Records from a data source
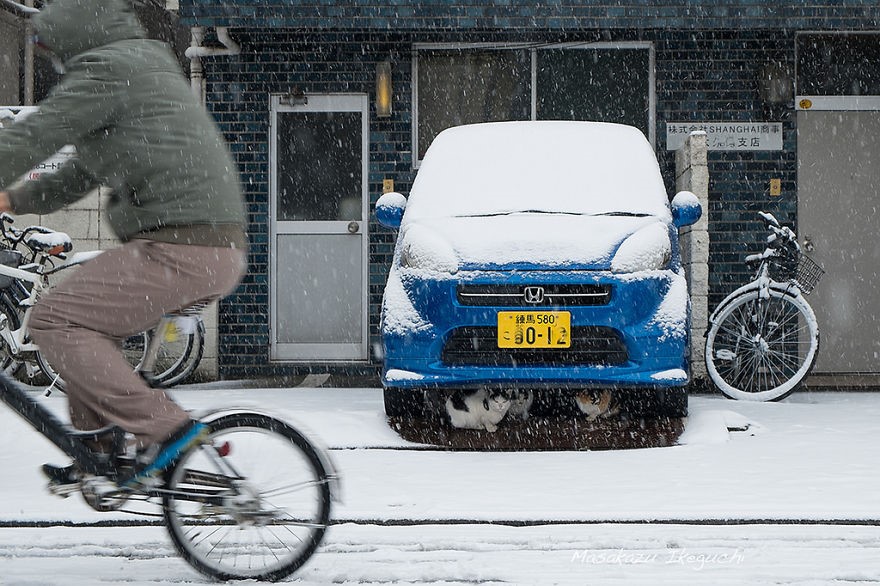 Những chú mèo trú tuyết dưới gầm một chiếc xe ôtô
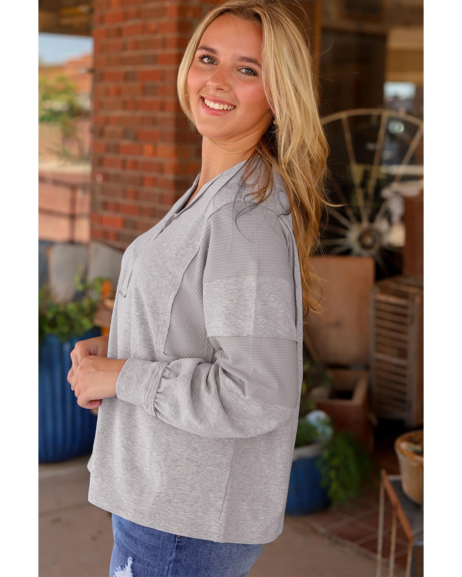 Perfect for casual and relaxed occasions Soft and cozy waffle knit fabric for all - day comfort Buttoned neckline for versatile styling options Unique patchwork sleeves for a trendy and eye
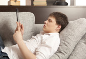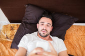 Mężczyzna nagrania wiadomości głosowej na telefon komórkowy
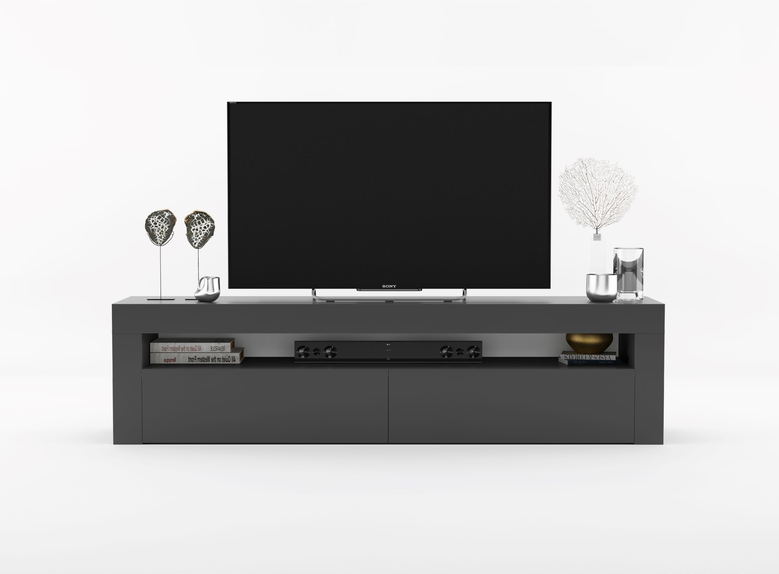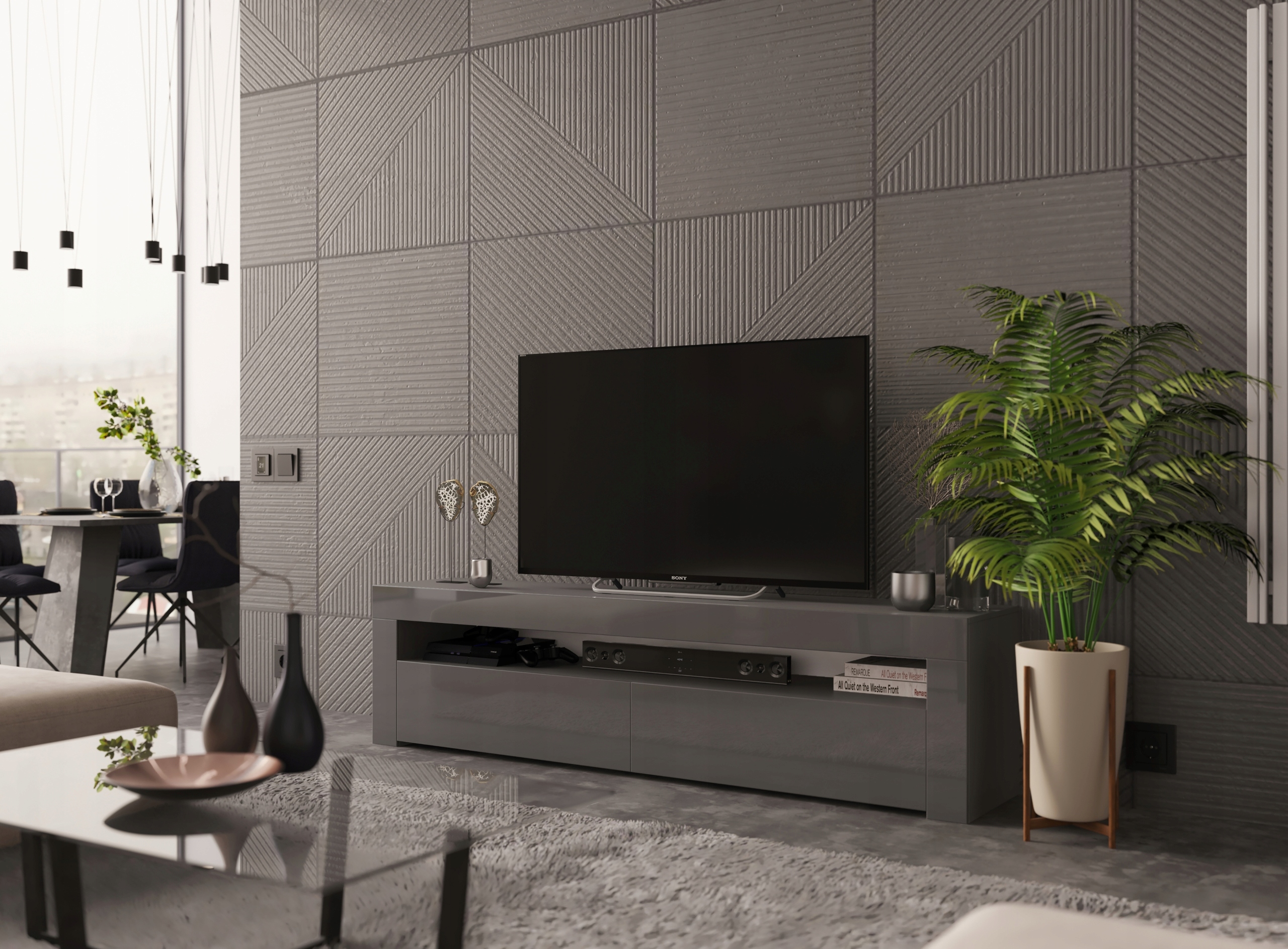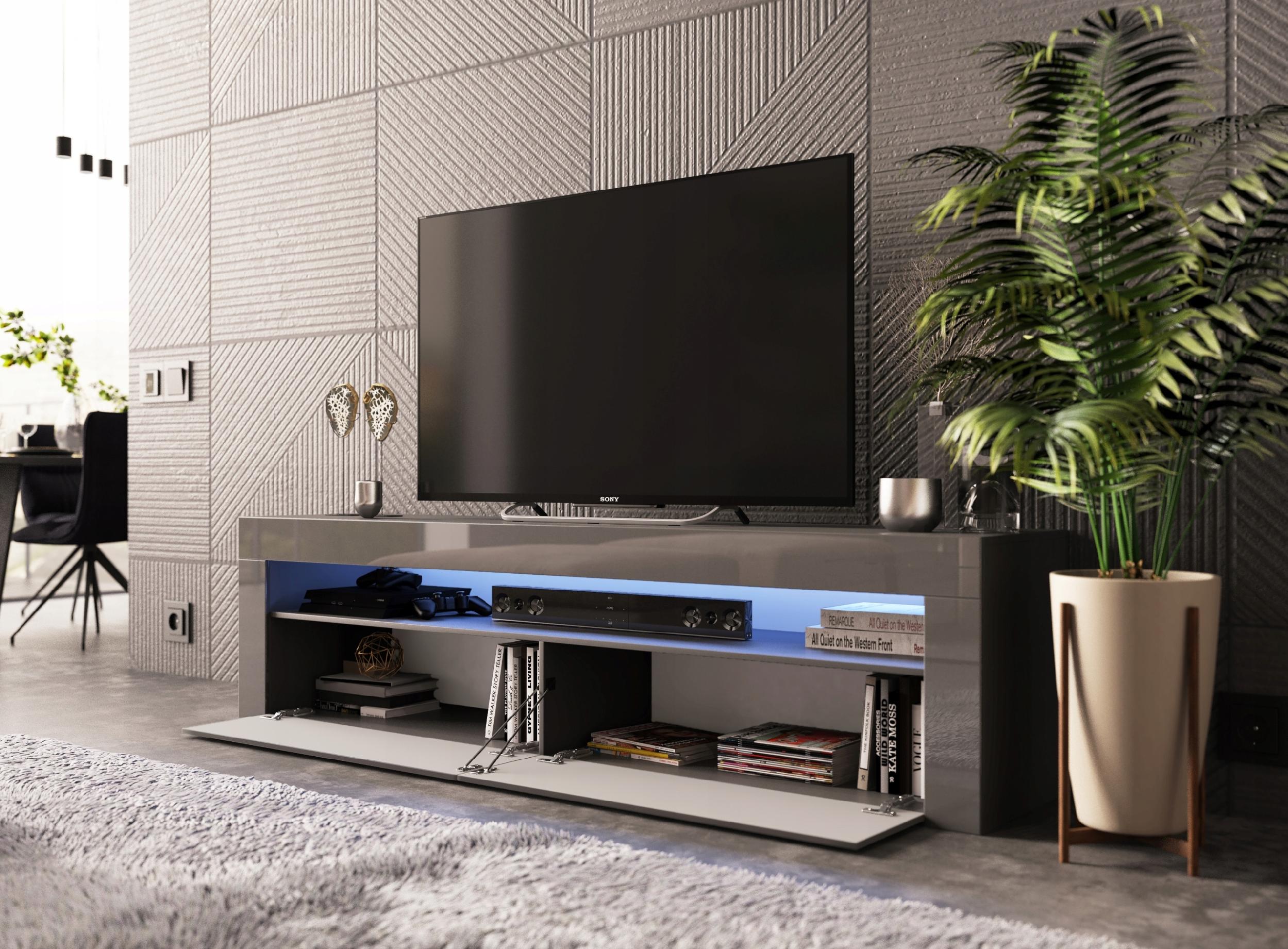 Nowoczesna Szafka RTV komoda Grafit połysk 155 cm
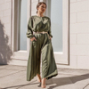 2022 Muslim Loose Mid-length Striped Long-sleeved Cotton Stitching Cardigan Cotton And Linen Temperament Commuter Dress
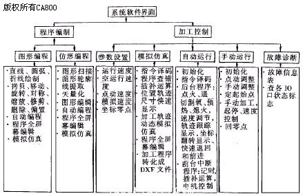 該系統(tǒng)軟件提供的編程方式有三種:圖形編程,仿形編程,手工編程。手工編程只是圖形編程和仿形編程中的一個功能模塊,即全屏幕程序編輯,所以沒有在軟件框圖中單列。
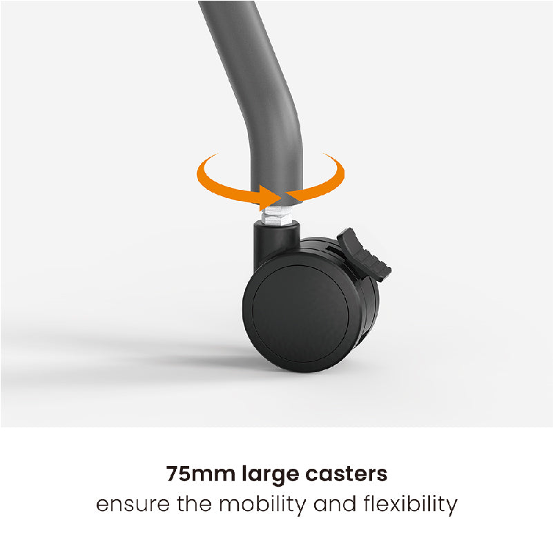 • 75mm large casters ensure mobility and flexibility
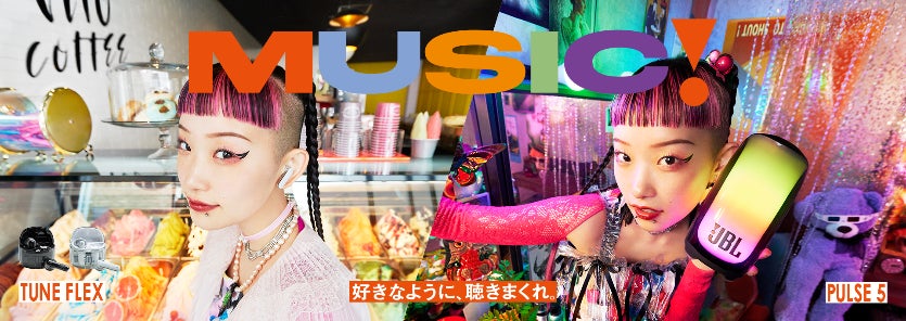 動画内ではながら聴きと集中聴きの2ウェイで楽しめる完全ワイヤレスイヤホン「JBL TUNE FLEX」と、シーンに合わせた光と音で演出する唯一無二のポータブルオーディオ「JBL PULSE 5」を使用し、様々な場面で音楽を楽しむ姿が表現されています。
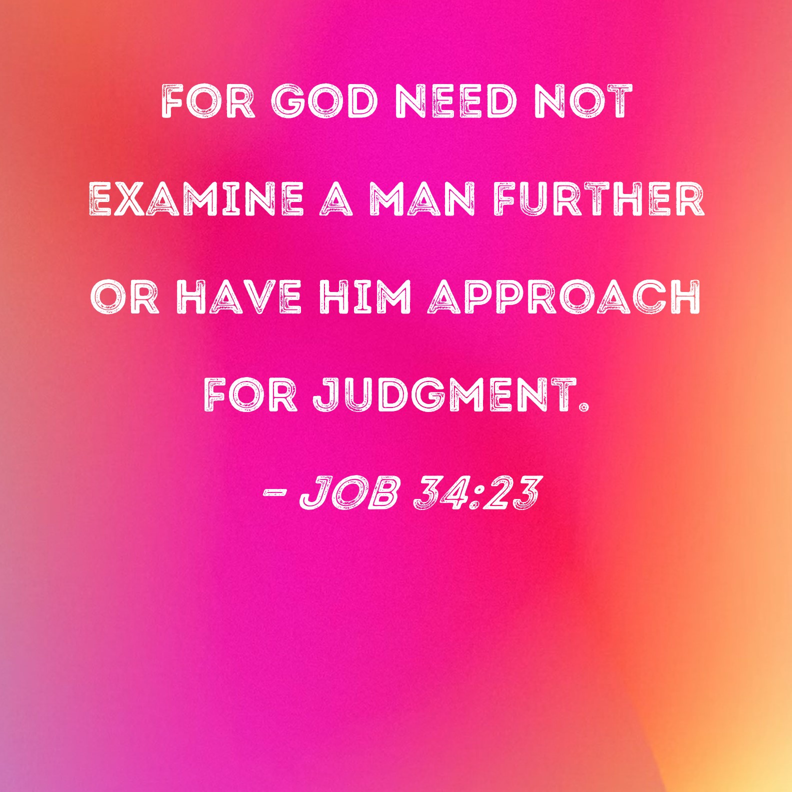 Job 34:23 For God need not examine a man further or have him approach for judgment.
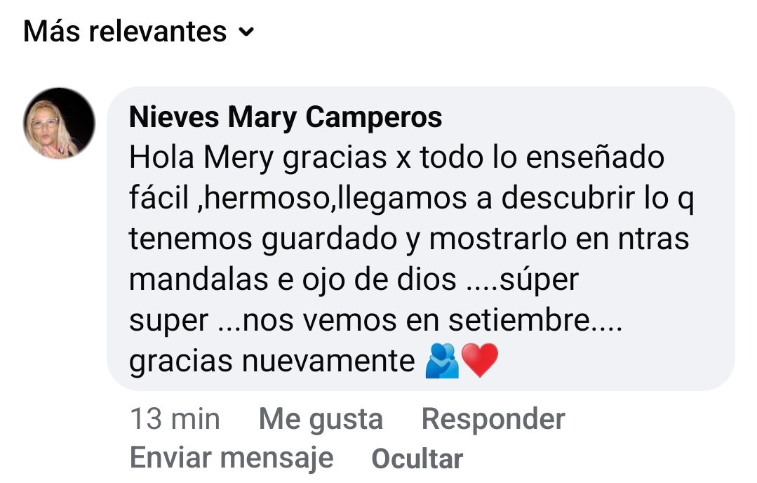 Tiempo despúes llegado de un viaje tranformador en Mexico llegaron a mi, los Madalas Tejidos Ojos de Dios y desde el 2010 me encuentro expandiendo, compartiendo y dedicada a mi Arte a puro corazón, como timón de éste viaje .....la historia es larga...mejor te la cuento poco a poco!
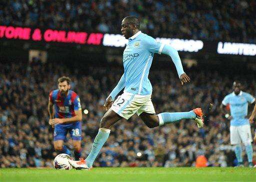 Manchester City’s Yaya Toure scores a penalty against Crystal Palace during the English League Cup Fourth Round soccer match between Manchester City and Crystal Palace at the Etihad Stadium, Manchester, England, Wednesday, Oct. 28, 2015. (AP Photo/Rui Vieira) The Associated Press
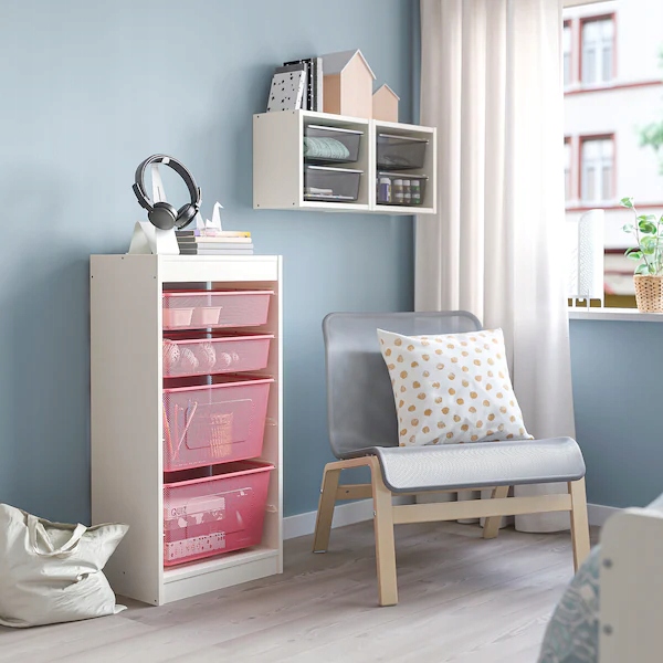 - Используя кадры и сетчатые контейнеры из серии Trofast, вы можете адаптировать решение для хранения, которое позаботится о больших и мелких предметах, даже в других частях дома.
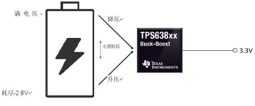 例如,假設要使一個典型電壓范圍為4.2V到2.8V的鋰離子電池提供3.3V的輸出電壓,如果使用降壓轉換器,那么電池的截止電壓必須大于3.3V,缺點則是無法有效利用電池中存儲的電能。而降壓-升壓轉換器有助于充分利用電池的所有電能,因為當輸入電壓等于或低于3.3V時,降壓-升壓轉換器還可以消耗存儲的電能,如圖2所示。
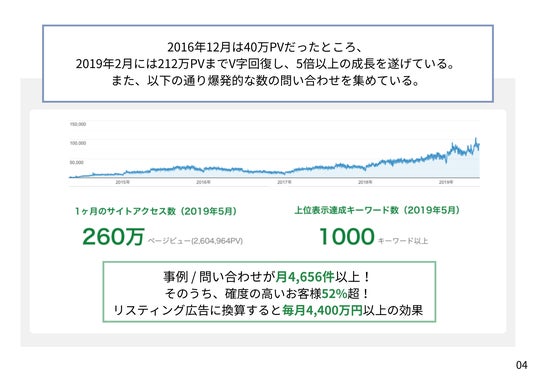 そこで本資料では、広告費ゼロで「40万PVから212万PVへ」急成長し安定的な集客を実現した法律サイトの成功事例をもとに、士業事務所が広告費不要で安定した集客をするホームページの極意を解説いたしました。
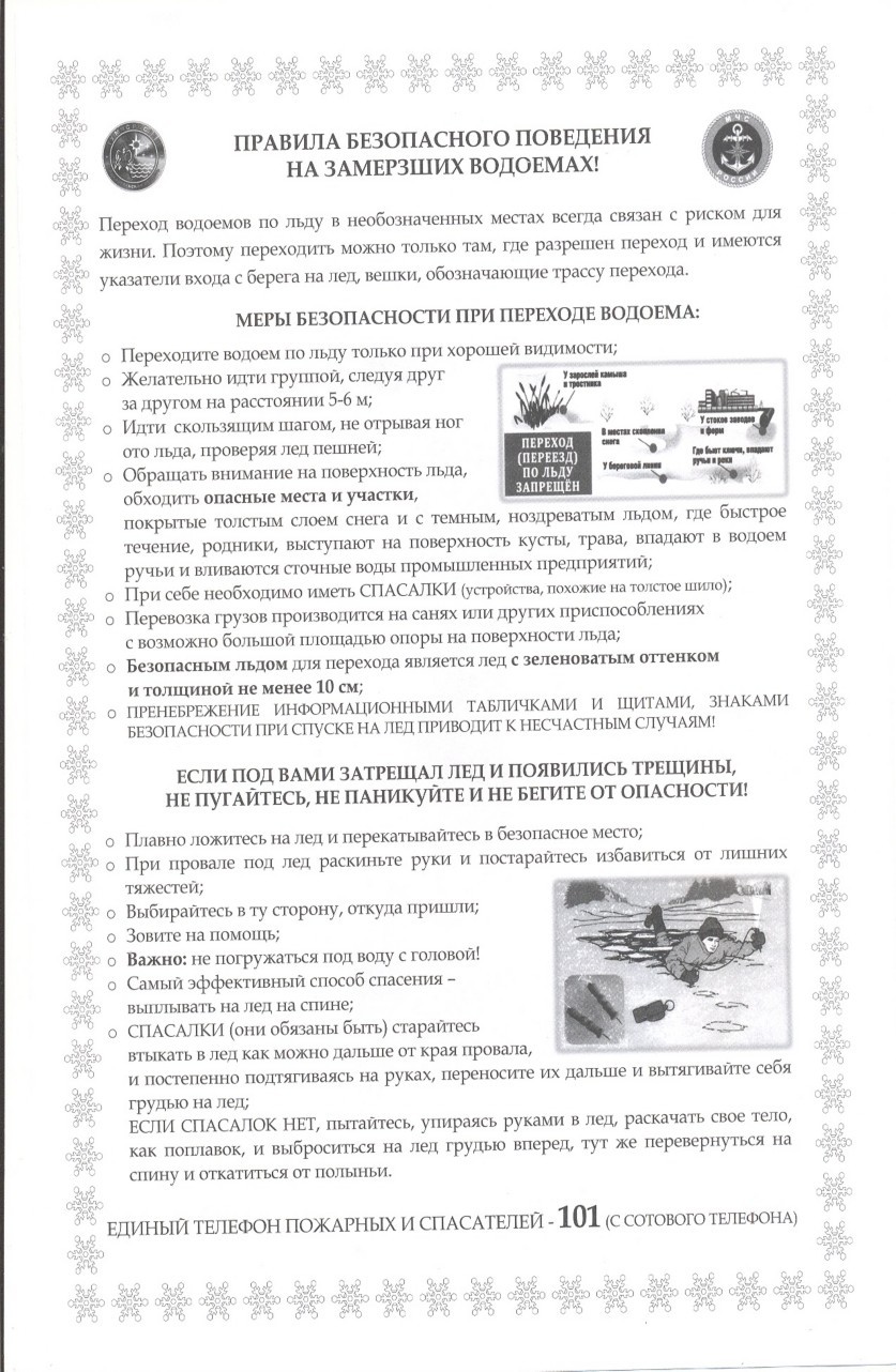 ПАМЯТКА ПО ПОВЕДЕНИЮ НА ВОДЕ В ЗИМНИЙ ПЕРИОД
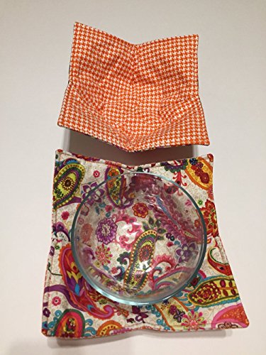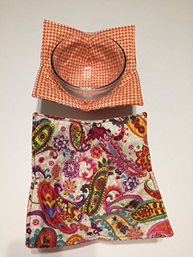 Product Description LISTING IS FOR QTY 1 BOWL COZY AS PICTURED - REVERSIBLE PRINTS (FRONT BACK) FRONT: BRIGHT Orange Pink Paisley BACK: Bright orange houndstooth Square corners Cereal Bowl size This is one of best ways to warm your food in the microwave. Simply place your bowl inside the microwave cozy, place it in the microwave, close the door. Push the timer (use 2 minute increments) and when ready, take out of the microwave with your bowl cozy hot pad. Or, when eating ice cream, place your bowl in the microwave cozy and it will keep your fingers from ice cold. The measurement of the cozy shown measures approximately 9 1/2"-10". Safe to machine wash dry. The bowls shown in the pictures not included. See our store for other color schemes and themes. Made in smoke free - pet free home 0

* TASK REQUIREMENTS:
Transcribe every entry exactly, leaving out the pictures.

* SOLVED PROBLEM:
 Những chú mèo trú tuyết dưới gầm một chiếc xe ôtô
 Perfect for casual and relaxed occasions Soft and cozy waffle knit fabric for all - day comfort Buttoned neckline for versatile styling options Unique patchwork sleeves for a trendy and eye
 Mężczyzna nagrania wiadomości głosowej na telefon komórkowy
 Nowoczesna Szafka RTV komoda Grafit połysk 155 cm
 2022 Muslim Loose Mid-length Striped Long-sleeved Cotton Stitching Cardigan Cotton And Linen Temperament Commuter Dress
 該系統(tǒng)軟件提供的編程方式有三種:圖形編程,仿形編程,手工編程。手工編程只是圖形編程和仿形編程中的一個功能模塊,即全屏幕程序編輯,所以沒有在軟件框圖中單列。
 • 75mm large casters ensure mobility and flexibility
 動画内ではながら聴きと集中聴きの2ウェイで楽しめる完全ワイヤレスイヤホン「JBL TUNE FLEX」と、シーンに合わせた光と音で演出する唯一無二のポータブルオーディオ「JBL PULSE 5」を使用し、様々な場面で音楽を楽しむ姿が表現されています。
 Job 34:23 For God need not examine a man further or have him approach for judgment.
 Tiempo despúes llegado de un viaje tranformador en Mexico llegaron a mi, los Madalas Tejidos Ojos de Dios y desde el 2010 me encuentro expandiendo, compartiendo y dedicada a mi Arte a puro corazón, como timón de éste viaje .....la historia es larga...mejor te la cuento poco a poco!
 Manchester City’s Yaya Toure scores a penalty against Crystal Palace during the English League Cup Fourth Round soccer match between Manchester City and Crystal Palace at the Etihad Stadium, Manchester, England, Wednesday, Oct. 28, 2015. (AP Photo/Rui Vieira) The Associated Press
 - Используя кадры и сетчатые контейнеры из серии Trofast, вы можете адаптировать решение для хранения, которое позаботится о больших и мелких предметах, даже в других частях дома.
 例如,假設要使一個典型電壓范圍為4.2V到2.8V的鋰離子電池提供3.3V的輸出電壓,如果使用降壓轉換器,那么電池的截止電壓必須大于3.3V,缺點則是無法有效利用電池中存儲的電能。而降壓-升壓轉換器有助于充分利用電池的所有電能,因為當輸入電壓等于或低于3.3V時,降壓-升壓轉換器還可以消耗存儲的電能,如圖2所示。
 そこで本資料では、広告費ゼロで「40万PVから212万PVへ」急成長し安定的な集客を実現した法律サイトの成功事例をもとに、士業事務所が広告費不要で安定した集客をするホームページの極意を解説いたしました。
 ПАМЯТКА ПО ПОВЕДЕНИЮ НА ВОДЕ В ЗИМНИЙ ПЕРИОД
 Product Description LISTING IS FOR QTY 1 BOWL COZY AS PICTURED - REVERSIBLE PRINTS (FRONT BACK) FRONT: BRIGHT Orange Pink Paisley BACK: Bright orange houndstooth Square corners Cereal Bowl size This is one of best ways to warm your food in the microwave. Simply place your bowl inside the microwave cozy, place it in the microwave, close the door. Push the timer (use 2 minute increments) and when ready, take out of the microwave with your bowl cozy hot pad. Or, when eating ice cream, place your bowl in the microwave cozy and it will keep your fingers from ice cold. The measurement of the cozy shown measures approximately 9 1/2"-10". Safe to machine wash dry. The bowls shown in the pictures not included. See our store for other color schemes and themes. Made in smoke free - pet free home 0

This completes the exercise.